Superman Lost est le dernier récit complet consacré à notre kryptonien à la cape rouge. Ecrit par Christopher Priest (Deathstroke Rebirth, Justice League Rebirth) et dessiné par Carlos Pagulayan, le récit retrace un voyage qui aura duré longtemps pour Superman et ses conséquences sur la psyché du héros. C’est une histoire très forte qui, si vous avez quelques acquis sur ce que représente Superman, ne vous laissera pas indifférent et vous fera comprendre pourquoi il est désormais perdu.
Nota Bene: L’intrigue et les révélations seront préservées pour vous laisser l’opportunité de découvrir l’œuvre. En revanche, pour rentrer dans le vif du sujet et aborder les messages de ce tome, de légères révélations sur d’autres œuvres à titre comparatif seront utilisées.

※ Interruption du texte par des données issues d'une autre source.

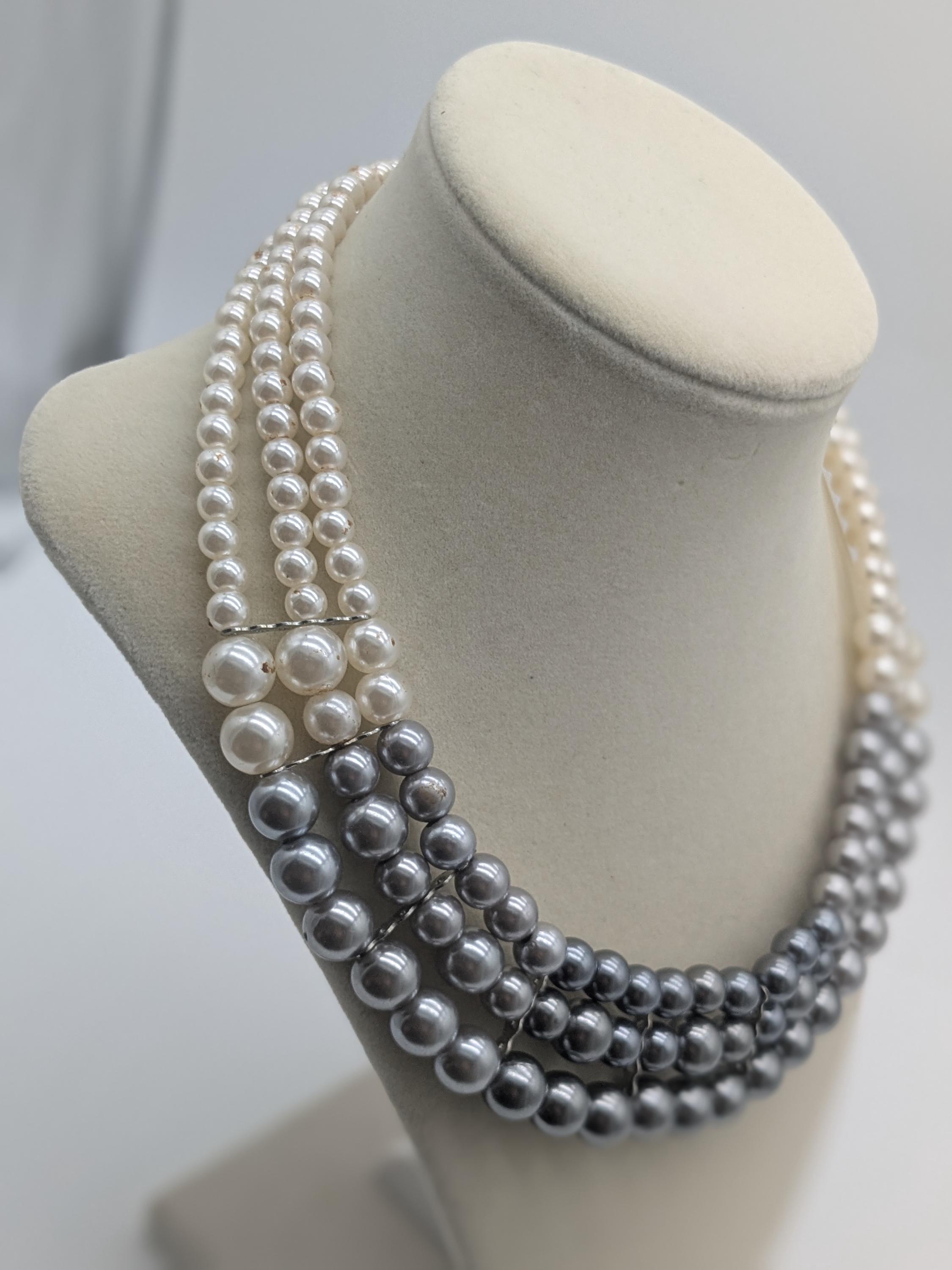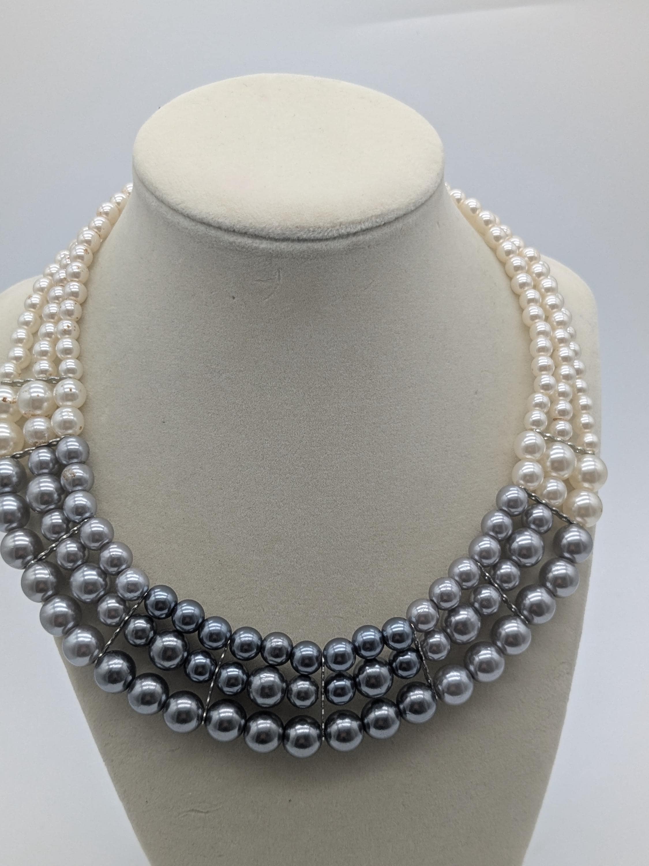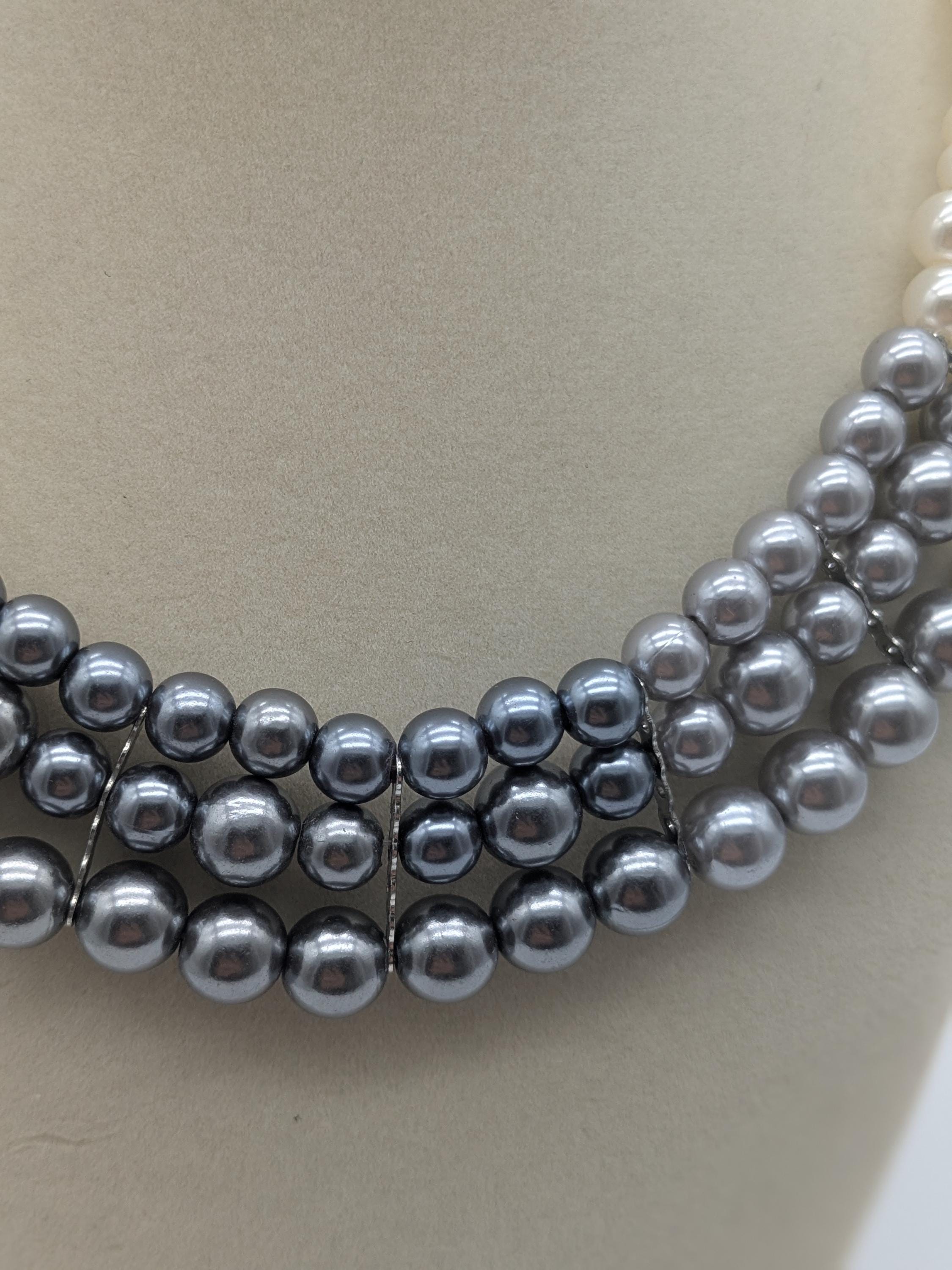 A stunning double-tone pearl beaded necklace featuring glossy white and gray strands. This timeless piece adds elegance and sophistication to any outfit, perfect for formal occasions or stylish everyday wear.

Superman, l’Homme à l’acier plié
Superman, appelé en urgence par la Justice League pour une mission de sauvetage en mer, rassure sa femme avant de partir. Mais ce qui aurait dû être une tâche simple tourne au drame. Emporté par un phénomène spatio-temporel, il se retrouve à l’autre bout de la galaxie, loin de chez lui, pendant 20 ans, alors que sur Terre seulement quelques heures se sont écoulées. De retour, il est bouleversé, comme si une partie de lui avait été arrachée. Les questions fusent : pourquoi cela lui est-il arrivé ? Comment est-il revenu ? Et surtout, est-il vraiment de retour ? Pourquoi ne peut-il pas reprendre le cours de sa vie malgré qu’il ait retrouvé ses proches ?
Christopher Priest aborde ces questions à travers une narration en deux temps. On suit le retour de Clark sur Terre, décrivant ses mois de lutte pour retrouver un sens à sa vie. Son incapacité à avancer affecte tous les aspects de son existence : en tant que mari, héros, kryptonien, et même journaliste. Bien que sa paternité ne soit pas explorée, Priest offre une profonde analyse du syndrome post-traumatique de Superman, dépeint subtilement dans ses relations, que ce soit avec sa femme, la Justice League, ou son psychiatre. À travers ces interactions, il devient évident que malgré son retour, Clark n’a jamais vraiment quitté la planète où il a vécu sa tragédie.
L’Odyssée d’un paragon
Dans ce monde sans nom, que Clark nomme affectueusement Kansas, deux factions se disputent : une génération Z satirisée, favorisant un système d’initiative populaire pour les lois, et une élite préoccupée par des enjeux majeurs et prête à décider pour les autres. Cette division conduit à un conflit incessant, plaçant Superman au cœur des tensions. Ironiquement, il est désapprouvé par chacun des groupes à chaque intervention, renforçant sa solitude. L’Homme d’acier, habituellement le paragon de vertu de l’univers DC, apparaît ici désarmé, incompris et peu soutenu, révélant ainsi une facette rare de sa personnalité.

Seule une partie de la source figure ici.